И долго сидели они среди безмолвия спокойной ночи, поверяя друг другу тайны своей души. Джон Седли говорил жене о своих неудачах и потерях, рассказывал, как изменили ему некоторые старинные друзья, и как другие люди, которых почти не знал он, поступили с ним великодушно. Мистрисс Седли слушала внимательно, и только раз - один только раз в продолжение всей этой беседы, сердце верной супруги обнаружилось в порыве неудержимой грусти.

- Боже мой, Боже мой! воскликнула она, что-то будет теперь с бедной Эмми!

Отец забыл про бедную Эзгаи. Она лежала в своей спальне с открытыми глазами, и сон бежал далеко от её взолнованной души. В родительском доме, среди друзей, в обществе матери и отца, она была одна. Многие ли станут без разбора говорить о тайнах своего сердца? Кто согласится быть откровенным там, где нельзя разсчитывать на взаимную симпатию, где даже не могут и понять нас окружающия особы? И так, мисс Амелия Седли жила отшельницей под родительскою кровлей, и некому ей было вверить своей задушевной тайны. Не было у ней искренняго друга именно тогда, когда всего более был для нея нужен искренний друг. Она не могла рассказывать старушке-матери о своих опасениях и заботах; будущия золовки чуждались ее с каждым днем больше и больше.
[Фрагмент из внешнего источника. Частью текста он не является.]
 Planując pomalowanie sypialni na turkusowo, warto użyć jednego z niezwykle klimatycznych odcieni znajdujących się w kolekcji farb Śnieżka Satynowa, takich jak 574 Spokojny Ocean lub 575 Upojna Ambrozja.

И были у ней такия зловещия предчувствия, сомнения и опасения; в которых она не могла признаться даже самой себе; хотя они уже давно томили и терзали её душу.
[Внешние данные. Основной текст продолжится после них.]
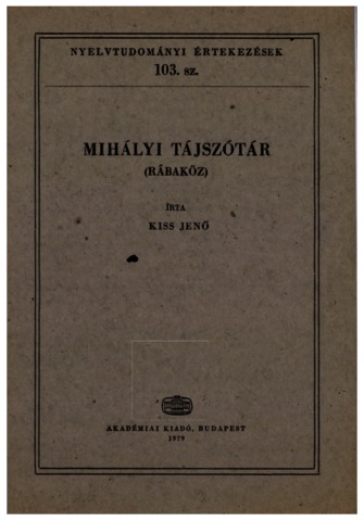 Kiss, Jenő (1979) Mihályi tájszótár : Rábaköz. Nyelvtudományi értekezések (103). Akadémiai Kiadó, Budapest. ISBN 963-05-1955-0

Её сердце продолжало жить верой и надеждой, что Джордж Осборн еще достоин её, еще верен своей невесте, хотя разсудок громко убеждал ее в противном. Как часто она говорила и писала ему, не получая в ответ ни одного разумного слова! Его эгоизм и равнодушие становились слишком очевидны, даже для глаз ослепленных любовью. Кому же несчастная страдалица вверит историю своей ежедневной пытки и борьбы? Сам её герой понимал ее, может-быть, только вполовину, если не меньше. Она не хотела и не смела признаться себе самой, что человек, которого она полюбила, стоит гораздо ниже её, и что она слишком поторопилась вручить ему свое сердце. Мисс Амелия была слишком скромна, нежна, слишком доверчива, слова, слишком женщина для того, чтоб по произволу изменять обеты, раз навсегда произнесенные её сердцем.

Так проходила затворническая жизнь мисс Амелии Седли, когда, в марте месяце, тысяча-восемьсот-пятнадцатого года, Наполеон Бонапарте высадился при Каннах, и вся Европа забарабанила тревогу, и фонды упали на лондонской бирже, и старик Джон Седли разорился.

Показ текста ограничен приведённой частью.